In April 2005, the district court denied appellant’s motion.
Appellant
waived her right to a jury trial, and the parties submitted the case to the
court on stipulated facts. In June 2005,
the district court found appellant guilty of driving without a license, in
violation of Minn. Stat. § 171.02, subd. 1, and driving without insurance, in
violation of Minn. Stat. § 169.791, subd. 2.
At the subsequent sentencing hearing, the district court imposed a $100
fine for driving without a license and a $1,000 fine ($500 conditionally
stayed) and 50 days in jail, stayed, for failure to provide proof of insurance.
D E C I S I O N
This
court reviews issues of subject matter jurisdiction de novo. State
v. R.H.M., 617 N.W.2d 55, 58 (Minn.
2000). Whether the State of Minnesota has
jurisdiction over civil and criminal matters involving American Indians is governed
by federal statutes and caselaw. Gavle v. Little Six, Inc., 555 N.W.2d 284,
289 (Minn.
1996). Generally, state law does not
apply to tribal Indians on their reservation absent express consent from
Congress. R.M.H., 617 N.W.2d at 58 (citing California v. Cabazon Band of Mission Indians, 480 U.S. 202, 207, 107 S. Ct.
1083, 1087 (1987)).
In
Public Law 280, Congress granted Minnesota
broad criminal subject matter jurisdiction over all Indian lands in the state
except the Red Lake Reservation. Pub. L.
No. 83-280, 67 Stat. 588 (1953) (codified as amended at 18 U.S.C. § 1162 (2000)). In contrast, Congress granted the states only
limited civil jurisdiction over Indian affairs, and it did not grant the state
general civil regulatory authority. Pub.
L. No. 83-280, 67 Stat. 589 (1953) (codified as amended at 28 U.S.C. § 1360
(2000)); State v. Stone, 572 N.W.2d
725, 729 (Minn. 1997) (citing Bryan v. Itasca County, 426 U.S. 373, 384-88, 96 S. Ct.

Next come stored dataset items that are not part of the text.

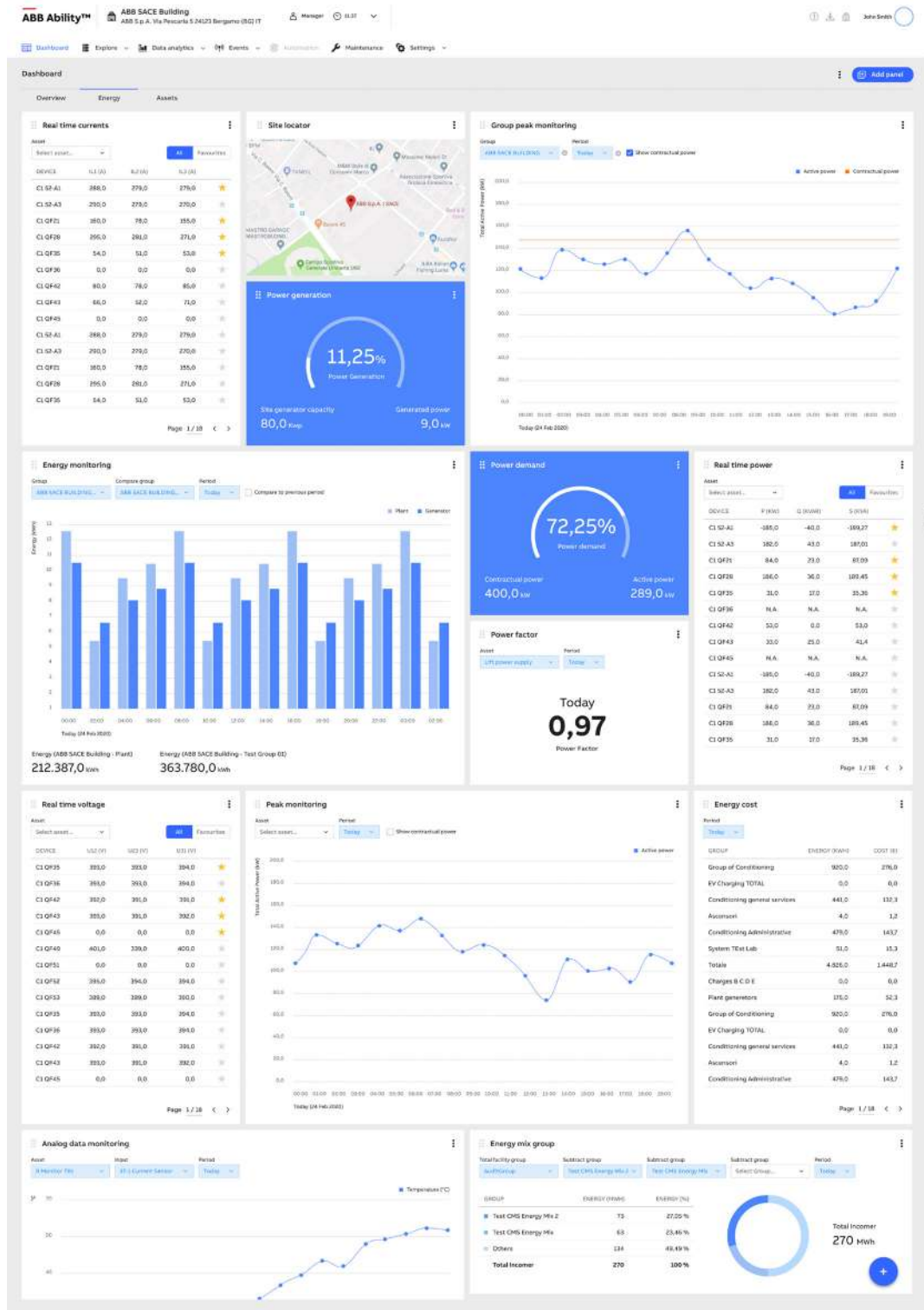
ABB Ltd. Affolternstrasse 41 CH-8050 Zurich Switzerland

solutions.abb/abb-ability- electrification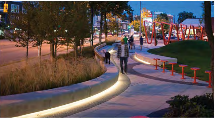
A sculptural bench with under lighting can serve to unify the elongated space while adding visual interest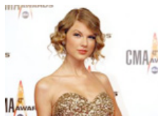
43rd annual Country Music Association Awards held in Nashville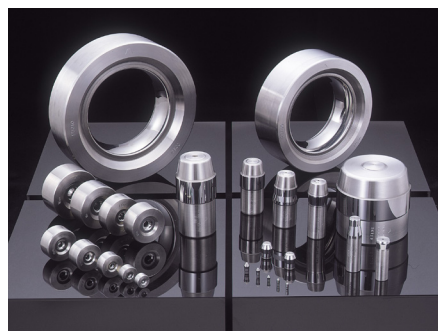
Drawing Dies & Mandrels

We have been engaged in the integrated production of these cemented carbide products, from provision of the raw metal powder to product design, sintering, casting, and product inspection at ultraprecise levels.

2102, 2108-11 (1976)). But the United
States Supreme Court has not adopted a per se rule that precludes states from
exercising jurisdiction over tribes and tribal members absent express
congressional consent. Cabazon, 480 U.S.
at 214-15, 107 S. Ct. at 1091.
“[U]nder
certain circumstances a State may validly assert authority over the activities
of nonmembers on a reservation, and . . . in exceptional circumstances a State
may assert jurisdiction over the on-reservation activities of tribal
members.” New Mexico v. Mescalero Apache Tribe, 462 U.S. 324, 331-32, 103 S.
Ct. 2378, 2385 (1983). In
addition, absent express consent from Congress, a state may exercise its
authority over tribal Indians only if federal law does not preempt it from
doing so. R.H.M., 617 N.W.2d at 58; see
also Cabazon, 480 U.S. at
216, 107 S. Ct. at 1092 (determining whether
federal law preempted the state from regulating bingo on a tribal reservation).
Federal
law preempts state jurisdiction “if it interferes or is incompatible with
federal and tribal interests reflected in federal law, unless the state
interests at stake are sufficient to justify the assertion of state
authority.” Mescalero, 462 U.S.
at 334, 103 S. Ct. at 2386. Thus, “[t]he inquiry is to proceed in light
of traditional notions of Indian sovereignty and the congressional goal of
Indian self-government, including its ‘overriding goal’ of encouraging tribal
self-sufficiency and economic development.”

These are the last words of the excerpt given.